Auf eine ganz andere Art beeindruckend war beim Blick über die unter uns liegenden, subalpinen Wälder, mit ihren Schnee-Eukalyptusbäumen und Riesen-Eukalyptusbäumen. Zur Jahreswende der Jahre 2002/2003 litten sie unter verheerenden Bränden, die monatelang nicht zu kontrollieren waren. Dabei wurde die Hälfte des Nationalparks vernichtet.
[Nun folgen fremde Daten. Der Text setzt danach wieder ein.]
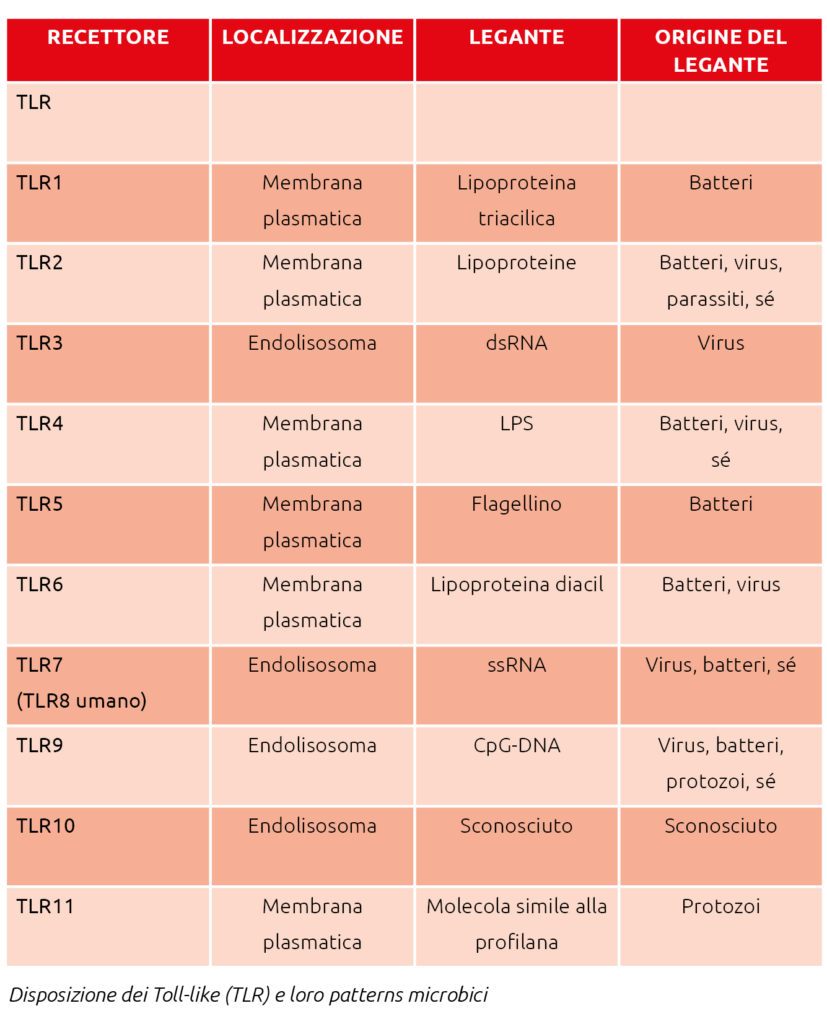 Di questi ne esistono di diversi tipi: recettori Toll-like, RIG-I-like,NODlike e recettori della lectina di tipo C. I Toll-like (TLR) svolgono un ruolo  cruciale nella difesa dell’ospite contro le infezioni microbiche. I patterns microbici riconosciuti dai TLR, tuttavia, non sono esclusivi dei patogeni, ma sono prodotti anche daicommensali. Si ritiene che una risposta  infiammatoria ai batteri commensali venga evitata grazie al riconoscimento di particolari  molecole che rilevano prodotti molecolari dei microrganismi, come il lipopolisaccaride (LPS) e l’acido lipoteicoico (LTA), I TLR funzionano come sensori di infezione microbica e sono fondamentali per l’avvio delle risposte  infiammatorie e di difesa immunitaria.

Damit soll es für heute genug sein, wir wollen euer Durchhaltevermögen nicht zu sehr strapazieren. Für uns geht es nach einem jetzt noch etwas entspannten Abend morgen dann weiter durch das Bushland in Richtung Canberra. Wir wünschen euch einen schönen Tag und wir sagen gute Nacht.